6.Does ONLY will be accepted into the grade herdbook if:--the doe is a result of the mating of a doe of unknown ancestry to a registered Nigerian Dwarf or registered Miniature Dairy buck. The breed of the animal must be listed on the application, and only that breed listed may be used for recording any other offspring of the doe with unknown ancestry. The 4th generation offspring from this  doe would qualify for the Experimental Herdbook as long as they meet all the normal requirements of specific breed standards and percentages

--the doe will be accepted from the mating of a doe that is a crossbreed of two different registered dairy breeds bred to a registered Nigerian Dwarf or a Miniature Dairy buck belonging to one of the two breeds of the doe.  The Second and Third Generations would also be recorded in the Grade Herdbook. The Fourth generation moves to being registered in the Experimental Herdbook as an F1, with all the normal  rules and opportunities to continue through the main herdbook generations.​


----------



## TiffofMo (Jan 10, 2011)

I called Mdga and she will reg this little doeling for me she will go in as experimental for 6 generations her kids will be. This is so exciting. If she has a udder like her dam and milks out like her dam where set.
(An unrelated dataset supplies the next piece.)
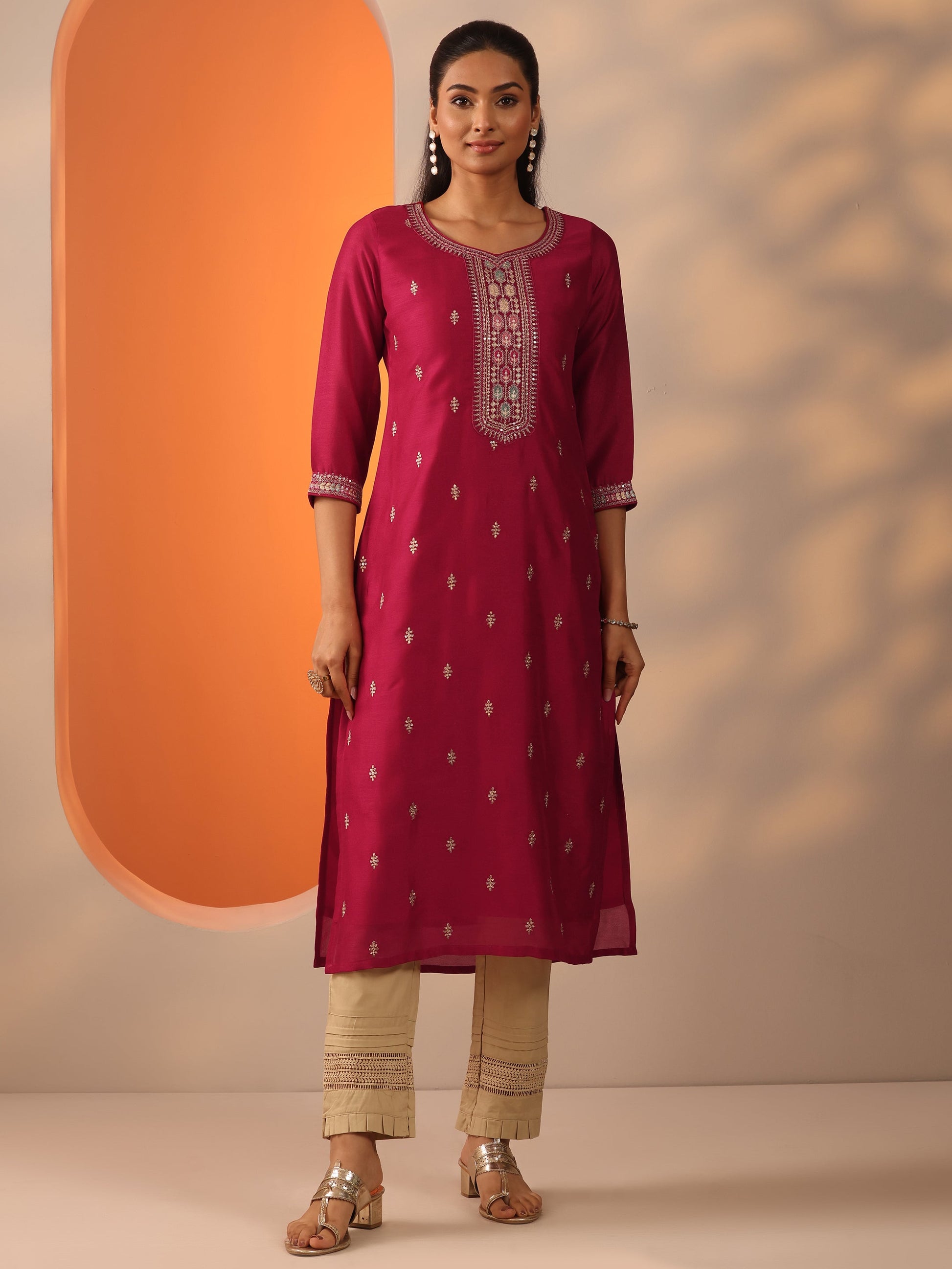 Our 1-piece Red Silk blend straight-fit kurta features a round neckline, regular sleeves, and statement Yoke. Complemented with lining. Adorned with ethnic motif embroidered, this style is perfect for festive wear.

Dam milks out a gallon a day.


----------



## mistyblue (Nov 13, 2008)

Congrats on getting her registered!!


----------



## Swgoats (Sep 29, 2013)

I'm really sorry you had trouble getting your questions answered about TMGR. Emailing the registrar is the best way to get registration questions answered. we have a facebook page and would like to answer all your questions. TMGR has a much better Native on Appearance program than MDGA. With MDGA you will not be able to register your buck kids. With TMGR we will register NOA bucks, and it only sets you back one generation - the kids from a NOA and a registered mini will be a first generation. We have several things in the works for our members and are very open to any ideas you might have. Hope this helps!


----------